The ALJ rejected Dr. Sprague's opinion because Dr. Sprague admitted that her opinion was based in large degree on Plaintiff's reported symptoms and limitations. Tr. 58, 524-27 (Dr. Sprague's answer to each of the questions started with "PT [patient] states ..." and she handwrote that the information "is based in large degree on patient report."). Although Dr. Sprague noted that "[i]maging studies and exam support these answers[,]" she acknowledges that "no formal testing for functional residual capacities was done." Tr. 527. The ALJ found that "it is unclear what imaging studies [Dr. Sprague] was referring to since the record shows no diagnosed condition relating to [Plaintiff's] lower extremities that would support such severe limitations in walking and standing or the need to elevate her legs." Tr. 58. The ALJ also found Dr. Sprague's opinion unpersuasive because Plaintiff had "a few appointments" with Dr. Sprague and "very few recently." Id.
To the extent that Dr. Sprague based her opinion in large degree on Plaintiff's discredited complaints, it is reasonable for the ALJ to reject Dr. Sprague's opinion because of his unfavorable credibility finding of Plaintiff. Additionally, "[l]ength of treatment relationship and the frequency of examination" are a factor in weighing medical opinions. 20 C.F.R. § 404.1527(c)(2); Pl.'s Br. 16 (ECF No. 13). It is therefore proper for the ALJ to consider the number and frequency of appointments Plaintiff had with Dr. Sprague as a factor in giving little weight to Dr. Sprague's opinion.
As to the lack of supporting objective medical evidence, Plaintiff argues that the ALJ's reliance on the inability of Dr. Sprague to support her opinion with objective laboratory findings does not constitute a clear and convincing reason for rejecting her conclusions. Pl.'s Br. 19 (ECF No. 19) (citing Montijo v. Secretary of Health & Human Services, 729 F.2d 599, 601 (9th Cir. 1984) ("Neither the hearing examiner's observation of the claimant at the hearing nor his reliance on the inability of the physicians to support their findings with objective laboratory findings constituted a clear and convincing reason for rejecting their conclusion.")). However, the Montijo case is distinguishable. The Ninth Circuit found that the ALJ in Montijo "failed to present clear and convincing reasons for rejecting uncontroverted reports of the psychiatrists" based on "evidence relevant primarily to claimant's physical impairment and upon observation of claimant at the hearing." Montijo, 729 F.2d at 602. Here, the ALJ considered the entire record and reasonably concluded that the record does not provide a sound basis for Dr. Sprague's opinion.

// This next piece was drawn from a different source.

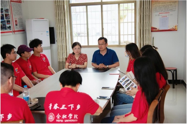 6月23日上午八點半,合肥學院設計學院暑期“三下鄉”社會實踐重點團隊在帶隊老師吳嫻的組織下,開始了今天的活動日程。上午八點四十,吳老師和當地村干部一起帶領同學們到梧川村黨群服務中心,在黨群中心會議室與梧川村黨總支第一書記申圣慶召開對接會。申書記首先對合肥學院設計學院暑期三下鄉社會實踐重點團隊師生們的到來表示熱烈歡迎,其次,申書記向隊員們介紹了梧川村的具體情況,梧川村村民有1600余人,485戶,房屋建筑以村支部為中心發散性布局。村干部團隊年輕化、專業化、知識化,高中以上學歷干部占百分之八十以上,以洪海飛為代表的年輕知識分子,積極響應黨的鄉村振興政策號召,大學畢業后選擇回到家鄉扎根基層,擔任梧川村村長。梧川村以大會山紅色文化旅游為依托,附帶草莓、菊花等特色農業,走“紅色強村,綠色富農”發展道路,引起各界關注,于2021年成功脫貧,由績溪縣貧困村轉為示范村,2019年獲得“中國美麗休閑鄉村”、2021年獲得“先進基層黨組織”等各項殊榮。申書記希望設計學院三下鄉團隊的同學們,利用好在梧川村一周的活動時間,利用同學們的專業特長,制作紅色旅游宣傳視頻、宣傳頁、特色農產品包裝設計,為美麗鄉村建設助力。

In view of the reasons offered by the ALJ, the Court should find that the ALJ provided specific and legitimate reasons for rejecting Dr. Engelhardt's and Dr. Sprague's opinions.
RECOMMENDATION
For the reasons set forth above, the Court should affirm the ALJ's decision.
Scheduling Order
This recommendation is not an order that is immediately appealable to the Ninth Circuit Court of Appeals. Any notice of appeal pursuant to Rule 4(a)(1), Federal Rules of Appellate Procedure, should not be filed until entry of the district court's judgment or appealable order. The parties shall have fourteen (14) days from the date of service of a copy of this recommendation within which to file specific written objections with the court. Thereafter, the parties shall have fourteen (14) days within which to file a response to the objections. Failure to timely file objections to any factual determination of the Magistrate Judge will be considered as a waiver of a party's right to de novo consideration of the factual issues and will constitute a waiver of a party's right to appellate review of the findings of fact in an order or judgment entered pursuant to this recommendation.
DATED this 5th day of September 2019.